Skip to content

Summary: Counting the cost

Efficiency is the track’s through-line, and this lesson is the accounting that makes it concrete: before training, you can compute the cost on paper. Compute is FLOPs, and since a model is mostly matrix multiplies (an m-by-k times k-by-n matmul costs about 2mnk), the whole training run reduces to the 6ND rule: about 6 * N * D FLOPs for N parameters and D tokens. Memory is roughly 16N bytes in fp32 (parameters 4N + gradients 4N + Adam optimizer states 8N), before activations, and is often the binding constraint. Arithmetic intensity (FLOPs per byte moved) decides whether an op is compute-bound (GPU busy, good) or memory-bound (GPU stalled), which motivates most later systems work. And einops names tensor dimensions so the reshaping that dominates model code stays readable. This is the scan version; the lesson works real estimates.

  • FLOPs and matmuls. Compute is measured in FLOPs; a model is mostly matrix multiplies, and an m-by-k times k-by-n matmul costs about 2 * m * n * k (the 2 is multiply-and-add).
  • The 6ND rule. Training costs about 6 * N * D FLOPs (N parameters, D tokens): ~2N forward per token, ~4N backward. It scopes a training run from two numbers.
  • Memory is ~16N bytes (fp32). Parameters (4N) + gradients (4N) + Adam states (8N), before activations (which scale with batch and sequence length). Optimizer state often dwarfs the model; memory frequently binds before compute.
  • Arithmetic intensity = FLOPs / bytes moved. High = compute-bound (hardware busy); low = memory-bound (hardware idle on memory). Large matmuls are compute-bound; elementwise ops are memory-bound.
  • It explains the peak-FLOPs gap. A GPU runs below peak when ops are memory-bound; fusing small ops and using bigger batches/matmuls raises intensity. This motivates the kernels and parallelism lessons.
  • einops for legibility. rearrange(x, "b s (h d) -> b h s d", h=n_heads) names dimensions, making shape transformations readable and bug-resistant versus raw .view/.permute.
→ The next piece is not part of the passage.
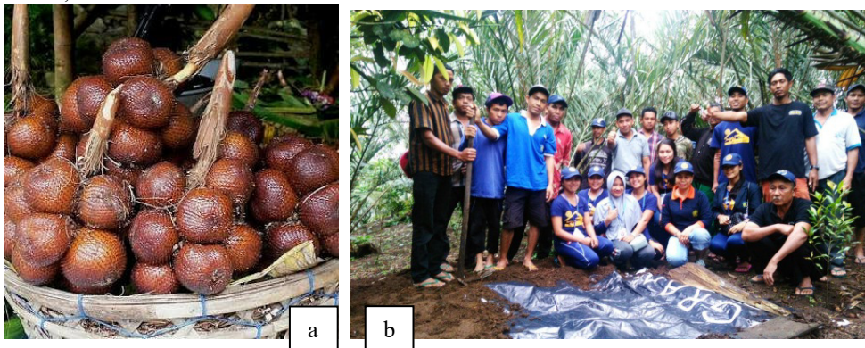
Figure 7. a) Salak Fruit, b) Salak Gula Pasir plantation

Besides nature based tourism, Jungutan Village also offers agrotourism potency. As Jungutan located at the slope of Mount Agung with fertile volcanic soils, it gives advantage that varieties of local fruits grow well in this region. In particular, local people grows salak bali ( Sallaca edulis ), known as snake fruit (Figure 7), which is endemic in Karangasem Regency. In 2014, salak production in Bali was 69.271 ton, from 8.3 million trees, majority produced from Karangasem (Deperindag Provinsi Bali, 2015). Salak plants grow best on 600 – 700 m above sea level, and favor volcanic soil.

This lesson is the literacy that turns model-building from hope into engineering. With the 6ND rule and the 16N estimate you can answer, before spending compute, the questions that actually decide a project: how long will it train, how many devices will it need, will it fit in memory at all? In the practice you saw a 7B model on 2T tokens come out to ~8.4e22 FLOPs and ~112 GB of optimizer-plus-model memory, enough to know immediately it will not fit on one GPU. The arithmetic-intensity lens then explains why real throughput falls short of a GPU’s spec sheet and motivates nearly every optimization to come. This accounting is the common currency the rest of the track trades in, which is exactly why it precedes the architecture: you choose the design knowing what each choice costs. Next, the architecture itself.

Before you train anything, you can count what it will cost: 6ND for compute, 16N for memory, and arithmetic intensity for whether the hardware will be busy. That accounting underlies every decision in the rest of the track.